My question is what should be happening with DLQs later on? There are thousands of those messages stuck in the DLQ. How are they supposed to be handled?
I would love to hear some real-life examples and engineering processes that are in place in some of the organizations.

"It depends!"
Messages would have been sent to the Dead Letter Queue because something didn't happen as expected. It might be due to a data problem, a timeout or a coding error.
You should:
Start examining the messages that went to the Dead Letter Queue
Try and re-process the messages to determine the underlying cause of the failure (but sometimes it is a random failure that you cannot reproduce)
Once a cause is found, update the system to handle that particular use-case, then move onto the next cause
Common causes can be database locks, network errors, programming errors and corrupt data.
It's probably a good idea to setup some sort of monitoring so that somebody investigates more quickly, rather than letting it accumulate to thousands of messages.

The messages moved to DLQ are considered as you said, erroneous.
If the messages are erroneous due to a bug in the code etc, you should redrive these DLQ messages to source queue once you fixed the bug. So that they'll have another chance to be reprocessed.
It is very unlikely that "temporarly" erroneous messages are moved to DLQ, if you already configured the maxReceiveCount as 3 or more for your source queue. Temporary problems are mostly bypassed with this retry configuration.
And eventually DLQ is also an ordinary SQS queue which retains messages up to 14 days. Even if there are thousands of messages there, they will be gone. At this point, there are two options:
Messages in DLQ are "really" erroneous. So see the metrics, messages and logs to identify the root cause. If there is no bug to fix, it means you keep unrequired data in DLQ. So there is nothing wrong to lose them in 14 days. If there is a bug, fix it an simply redrive messages from DLQ to source queue.
You dont want to investigate through the messages to identify that what was the reason for failure, and you only want to persist message data for historical reasons (god knows why). You can create a lambda function to poll messages and persist in a desired target database.

Related

No bugs in codes, why messages are still being sent to Dead Letter Queue?

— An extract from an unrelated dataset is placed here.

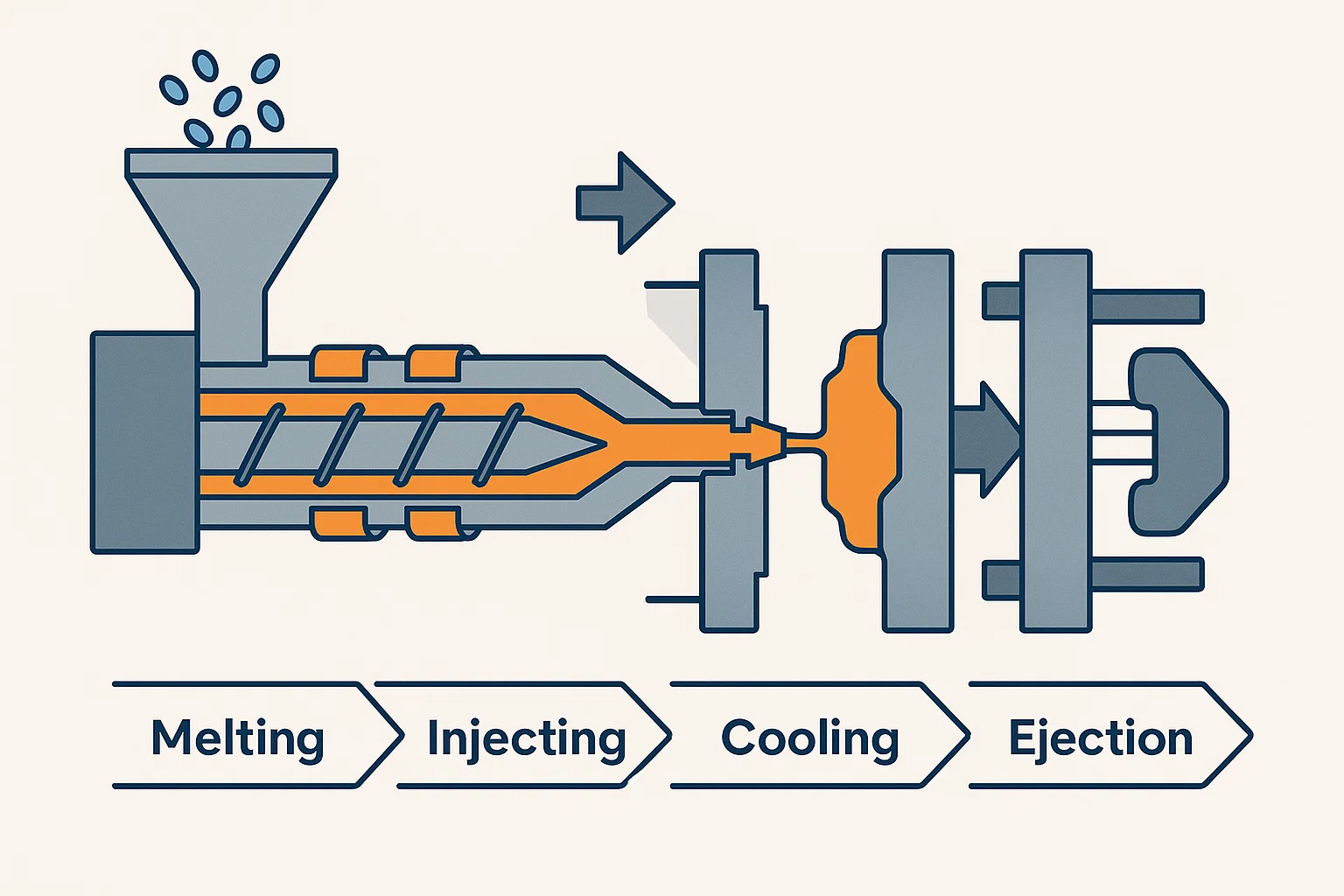 Comment cela fonctionne: fondre, injecter, refroidir et éjection

I have 2 Lambda functions that respectively sent and received some workloads via a SQS. But many messages are unexpectedly sent to DLQ. I am confident that it wasn't caused by in-code bugs because not all messages went to DLQ.
I set reservedConcurrentExecutions = 1 and maxReceiveCount = 1, does it matter? I'm thinking if I increase maxReceiveCount perhaps fewer messages will be sent to DLQ.
Anyhow, I hope somebody can walk me through the methodology behind that.
Increasing maxReceiveCount worked eventually. The official developer guide says:
If your function returns an error, or can't be invoked because it's at maximum concurrency, processing might succeed with additional attempts. To give messages a better chance to be processed before sending them to the dead-letter queue, set the maxReceiveCount on the source queue's redrive policy to at least 5.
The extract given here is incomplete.